OIRA similarly appeared to confirm that DOL would address topics such as joint employer status under the FLSA, the application of the FLSA to domestic service workers, and disclosure requirements for retirement plans under the Employee Retirement Income Security Act.
Each of these items touches regulatory areas previously addressed by the Biden administration and targeted for reversal by the Trump administration.
DOL had already posted a bulletin to field staff directing employees not to enforce the Biden-era independent contractor rule, for instance, and instead to apply earlier enforcement guidelines in certain matters. Both Labor Secretary Lori Chavez-DeRemer as well as Deputy Secretary of Labor Keith Sonderling said during their respective confirmation hearings before the U.S. Senate that they would reevaluate the Biden administration’s independent contractor and joint employer rules.

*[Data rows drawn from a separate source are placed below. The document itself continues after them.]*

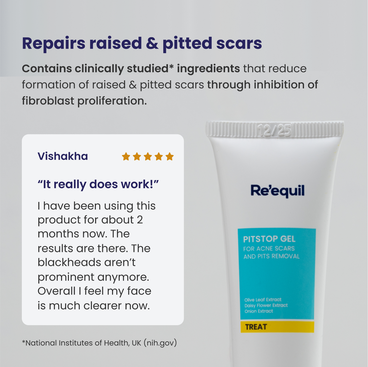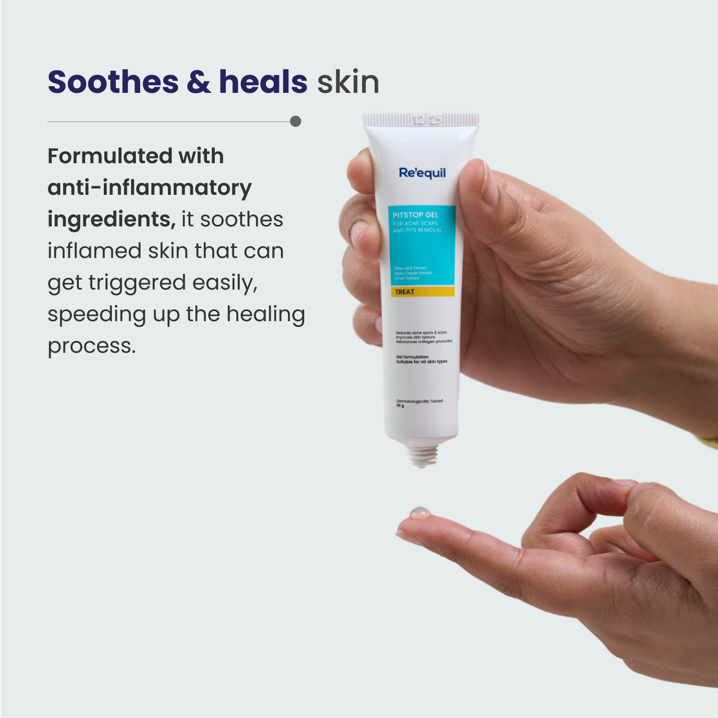 Based on clinical trials conducted on 34 individuals (male & female), having acne-induced post-inflammatory hyperpigmentation, mixed oily to oily skin & visible atrophic scars, for efficacy of Re’equil Pitstop Gel
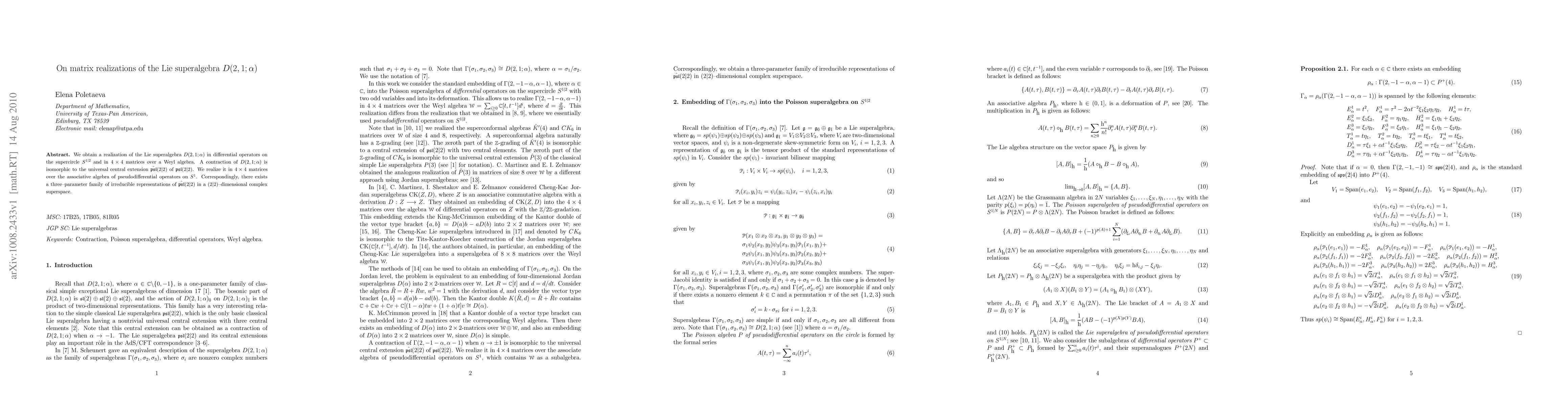 We obtain a realization of the Lie superalgebra $D(2, 1 ; \alpha)$ in differential operators on the supercircle $S^{1|2}$ and in $4\times 4$ matrices over a Weyl algebra. A contraction of $D(2, 1 ; \alpha)$ is isomorphic to the universal central extension $\hat{\p\s\l}(2|2)$ of $\p\s\l(2|2)$. We realize it in $4\times 4$ matrices over the associative algebra of pseudodifferential operators on $S^1$. Correspondingly, there exists a three-parameter family of irreducible representations of $\hat{\p\s\l}(2|2)$ in a $(2|2)$--dimensional complex superspace.
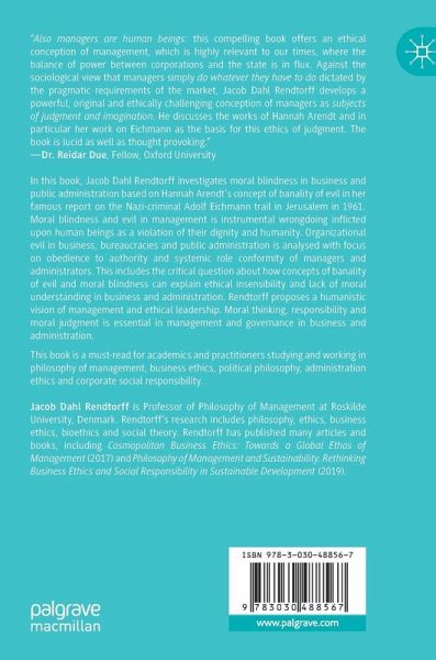In this book, Jacob Dahl Rendtorff investigates moral blindness in business and public administration based on Hannah Arendt's concept of banality of evil in her famous report on the Nazi-criminal Adolf Eichmann trail in Jerusalem in 1961. Moral blindness and evil in management is instrumental wrongdoing inflicted upon human beings as a violation of their dignity and humanity. Organizational evil in business, bureaucracies and public administration is analysed with focus on obedience to authority and systemic role conformity of managers and administrators. This includes the critical question about how concepts of banality of evil and moral blindness can explain ethical insensibility and lack of moral understanding in business and administration. Rendtorff proposes a humanistic vision of management and ethical leadership. Moral thinking, responsibility and moral judgment is essential in management and governance in business and administration.
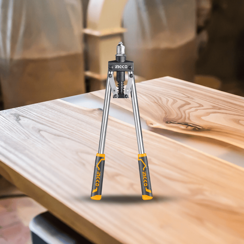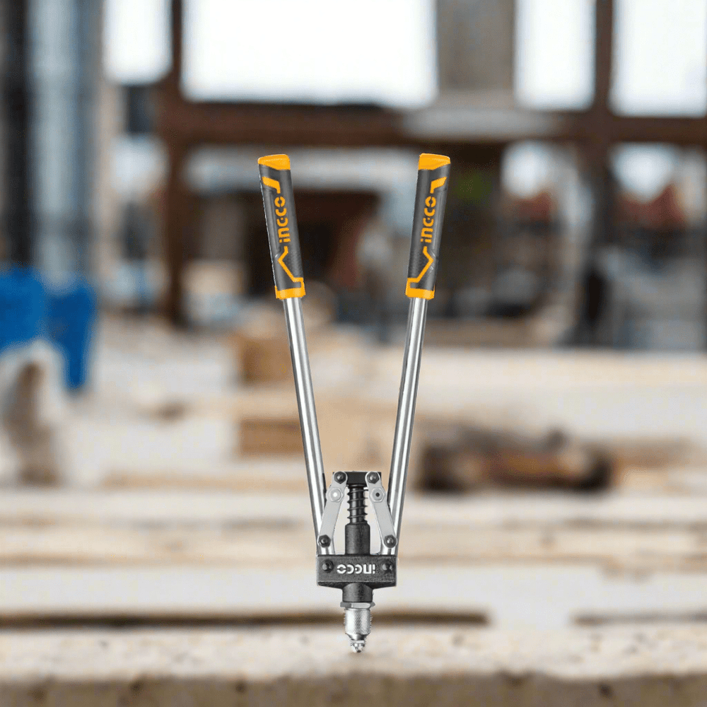 The Ingco 17" Hand Riveter - HR171 is a heavy-duty riveting tool designed for maximum leverage and effortless operation. Perfect for fastening metal, aluminum, and other tough materials, this long-arm riveter is ideal for both industrial and DIY applications.

Meanwhile, DOL in May told the 5th U.S. Circuit Court of Appeals that it would no longer defend the last administration’s rule allowing retirement plan fiduciaries to consider environmental, social and governance, or ESG, factors when making investment decisions from a lawsuit filed by several Republican-led states.
In another shift, DOL in June said it would begin issuing opinion letters through five of its subagencies. The agency’s new regime published the first such letter in May on the subject of the independent contractor classification status for virtual marketplace company workers. The letter reinstated a stance DOL previously articulated in a 2019 letter that had been rescinded during the Biden administration.